Yes, I know church. And I know God. 

During my final two years of high school, I lived with my grandparents in Buffalo, NY. Life had become extremely complex overnight. I was faced with all the dangers and obstacles that most inner-city youth are faced with; drugs, violence, crime, sex, etc. I was trying to find myself in the midst of it all. 

One night, I prayed to God and asked him to reveal himself. I told him that if He didn’t, I would live my life on my terms. I didn’t set any parameters. I only asked that it be undeniable. I needed to know God was real.

A few hours later, around 5 am, someone called the house phone, which lay directly beside my Grandmother. She answered the phone, at first concerned, and then irritated when the caller asked for me. 

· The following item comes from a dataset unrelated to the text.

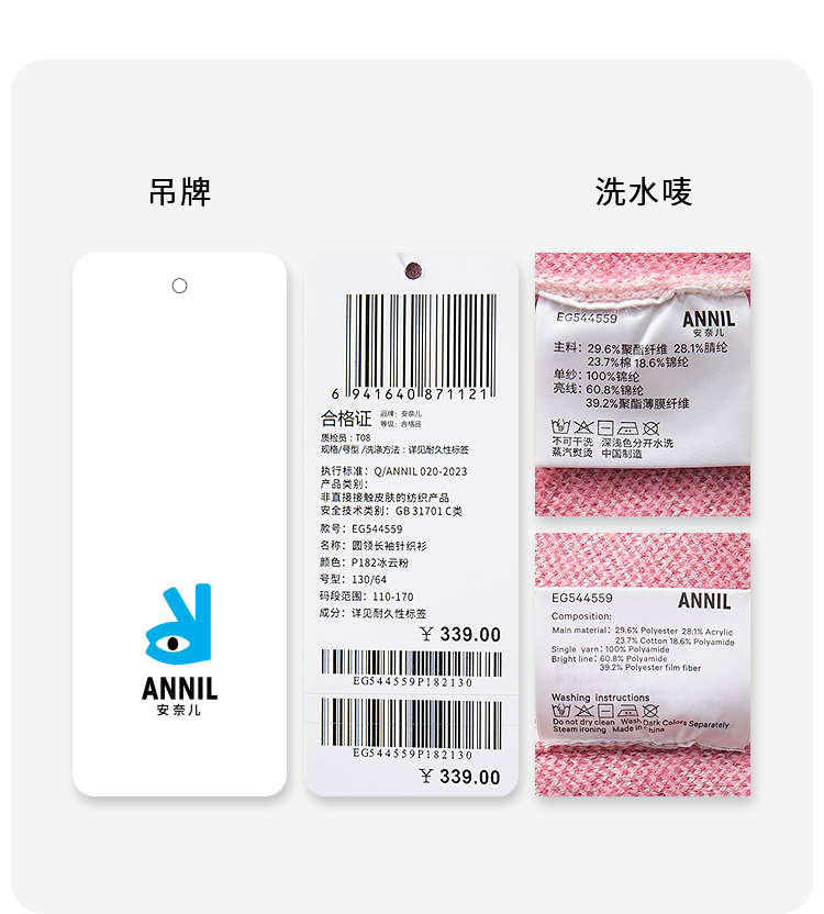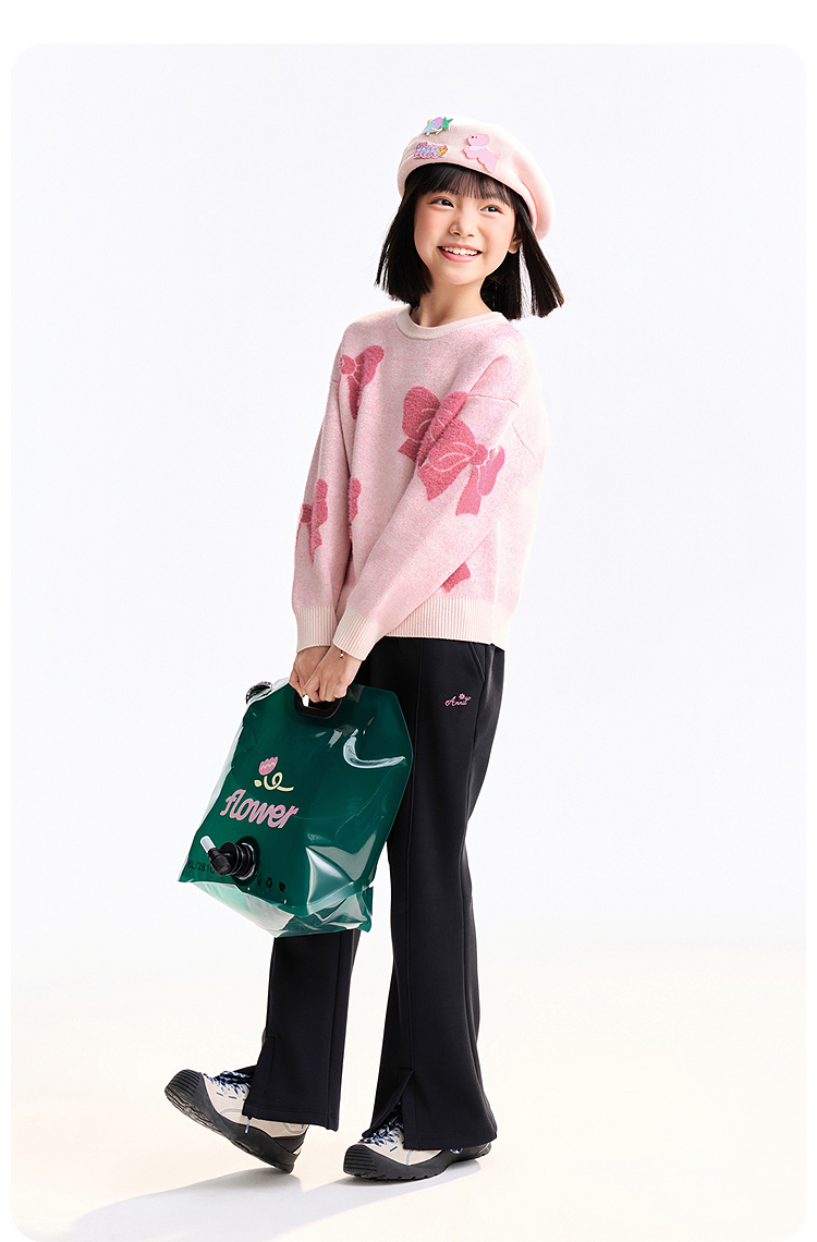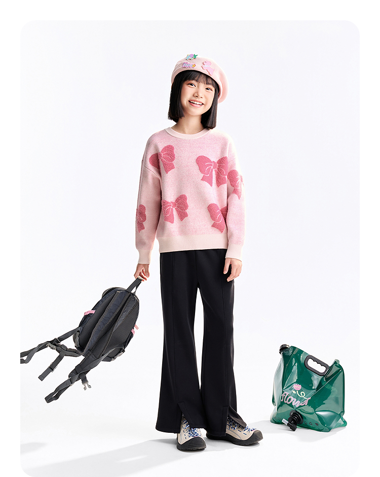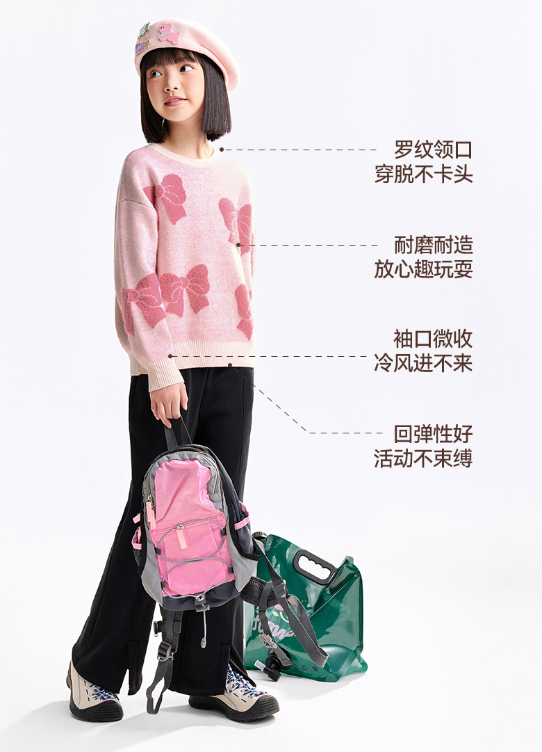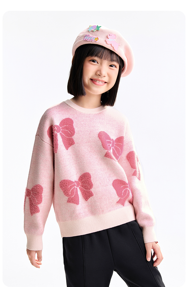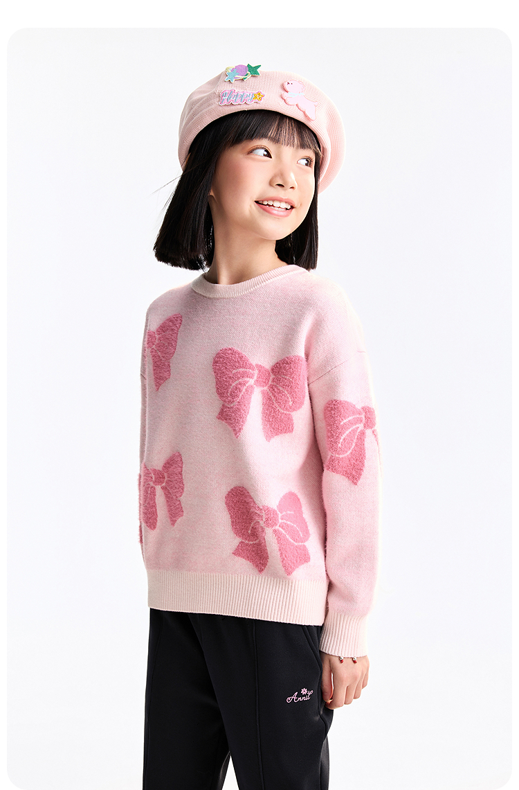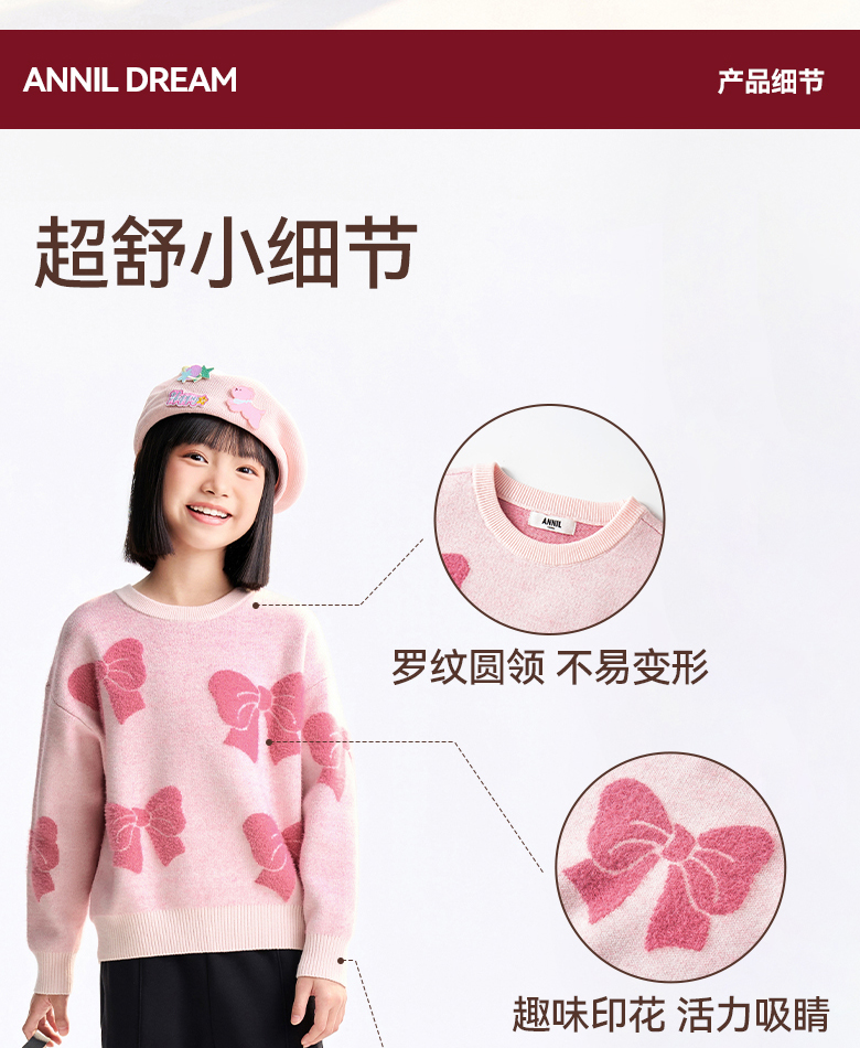 女童圆领长袖针织衫冬季新款安奈儿童装EG544559

“Robert. Robert! It’s for you!” my Grandmother yelled with so much disagreeableness that I swore I would slap whatever fool thought it was a good idea to call the house phone this early. Everyone knows you don’t just call the house phone all willy nilly.
“Hello.”

“What do you want?” The caller asked in such an agitated tone you would have thought I’d woken him from his sleep.

“What? Who is this? You…you called me.” I responded confused and groggy.

“Its Paul. What. Do. You. Want?” He replied with increasing annoyance.

“Bruh.” I had to pause and collect myself. I wasn’t known for my patience or gentleness in those days. “Bruh.Yoooouuuuu called ME. What do YOU want???”

“Robert. What do you want?!?!”

“What in the world is…”

“Robert, God has been bothering me about you all week. He would not let me sleep until I called you. I have to work in a few hours. WHAT. DO. YOU. WANT???”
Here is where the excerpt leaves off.